PayPal, a subsidiary of U.S.-based online marketplace operator eBay Inc., said it cut off the WikiLeaks website because it was engaged in illegal activity.

Amazon previously stopped hosting WikiLeaks' website and governments and hackers were continuing to go after the organization.

In an online chat with El Pais in Spain, Assange said the hunt for him was tough.

"We have hundreds of specific death threats from U.S. military militants. That is not unusual, and we have become practiced from past experiences at ignoring such threats from Islamic extremists, African kleptocrats and so on," he said.

"Recently the situation has changed with these threats now extending out to our lawyers and my children," he added. "However, it is the specific calls from the elites of U.S. society for our assassination, kidnapping and execution that is more concerning."

Australia says Assange can come home
Assange is wanted in Sweden to face allegations of sexual offenses against two women, charges he denies, but neither the United States nor any other country has lodged any charges against him over the leaked documents.
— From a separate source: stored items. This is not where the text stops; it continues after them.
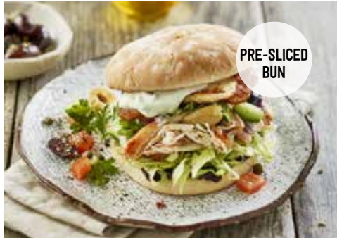
TIP TOP DAMPER BUN 5" 72 x 75g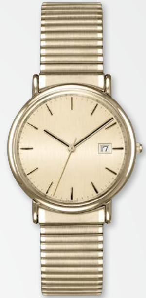
A4152Y/X-CHA MSRP: $270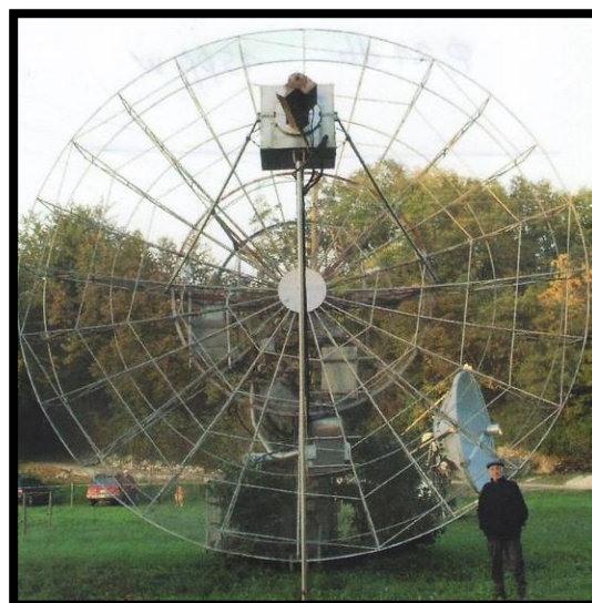
HB9Q with his dishes – RIP dear friend

The final Contest weekend is 25 and 26 Nov. I am anticipating a lot of activity as the Moon times are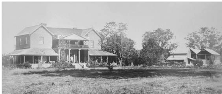
1899 Photo of Dardanup Park which is featured in the Homesteads and Houses section of the DHC website 1899 Photo of Dardanup Park which is featured in the Homesteads and Houses section of the DHC website

Please feel free to attend any of our monthly meetings. Details in the Whats On.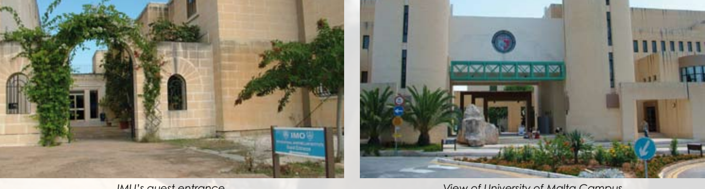
IMLI's guest entrance

The fee shall be payable upon admission to the programme. The programme fee should be remitted to the Institute's bank account.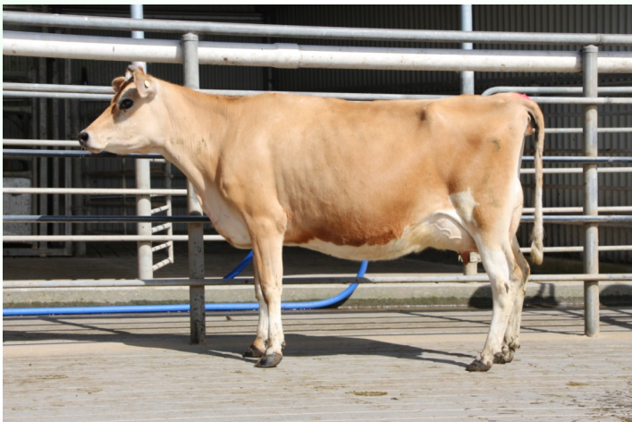
Ardlay Grandious Lynette Sire: Rapid Bay Grandious

The other two photos are Ardlay Dundee Satin (Sire: Ardlay Bosses Dundee) and Ardlay Troubadors Satin (Sire: Ardlay HR Troubador) and she is Lynmark Satin's sister, so she is an aunty to Ardlay Dundee Satin.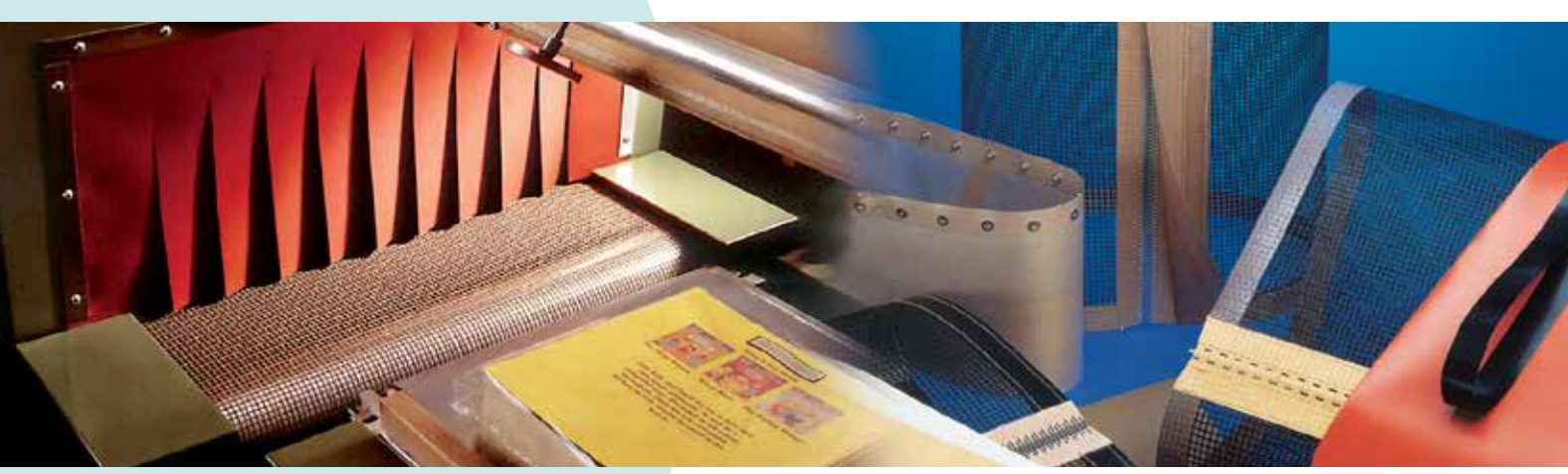
& PROCESS CONVEYOR BELTS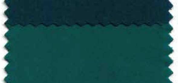
TEAL GREEN 843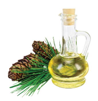
PINE OIL 90%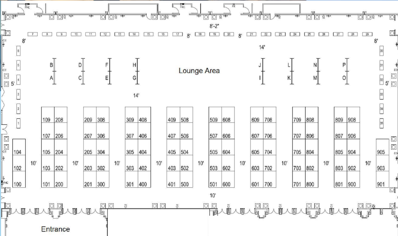
EXHIBIT FLOOR PLAN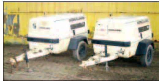
(2) Ingersoll Rand P185WJD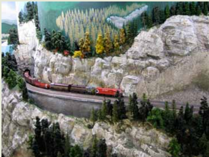
Train approaching Shield's siding which is on cliff above Arrow Lake west of Castlegar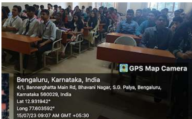
Students of First year B.Com (F&A) D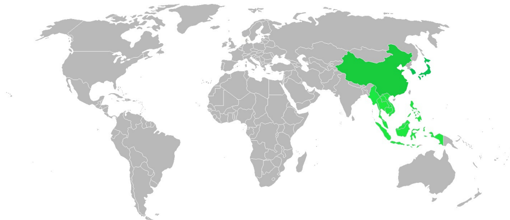
Map of ASEAN +3

ASEAN in 1997 invited China, South Korea and Japan to join a summit conference of ASEAN +3 out of which was born an East Asia Vision group. In 2001 it submitted a report called "We hope to create an East Asian Community (Kyodotai) for peace, prosperity and progress." ASEAN leaders supported that dream-like concept and in 2005 an East Asia Summit was held. However, Japan and China were in conflict about who should participate. The US, which was not invited, was dissatisfied, so the process has not been proceeding smoothly.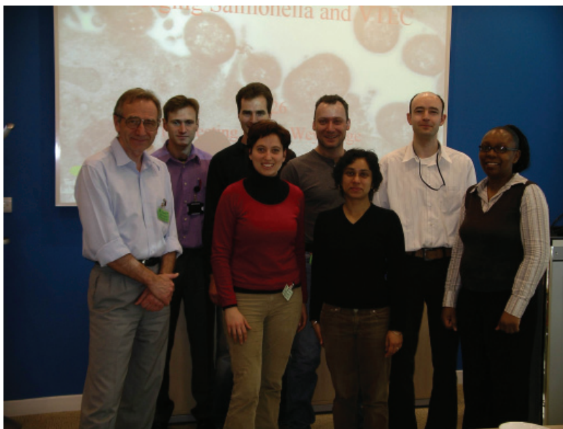
Participants at the Workpackage kick-off meeting in April.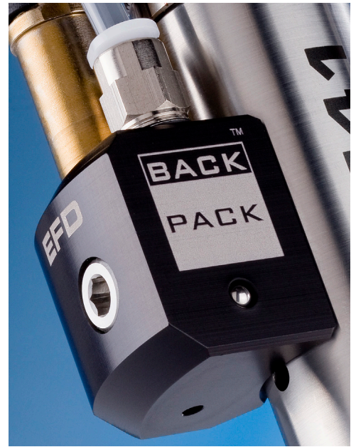
The BackPack actuator is a compact, fast-acting solenoid.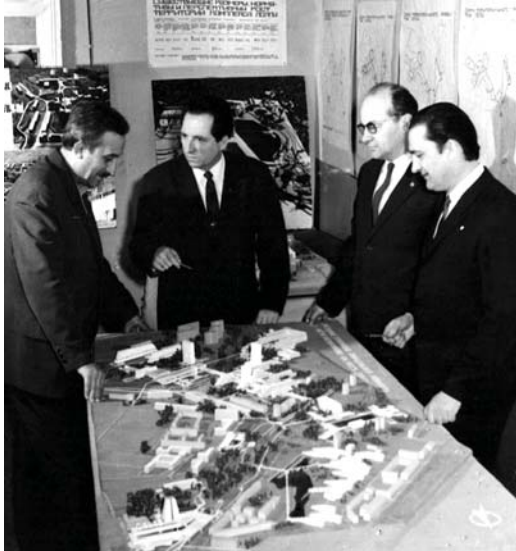
Fig. 7. At the project discussion in SDB LPI, 1970s

Australia would give consular help to Assange if he is arrested abroad and he is entitled to return home as well, Australian Attorney General Robert McClelland said Monday. But he also condemned the leaks as harming security and said Australia is obligated to help the criminal investigation of Assange's activities.

"Free speech is one thing, we all respect that, but we also respect the freedoms and the rights of people to live without fear," McClelland told reporters.

In the Swedish case, Assange is the target of a European extradition process which normally takes months to produce an arrest.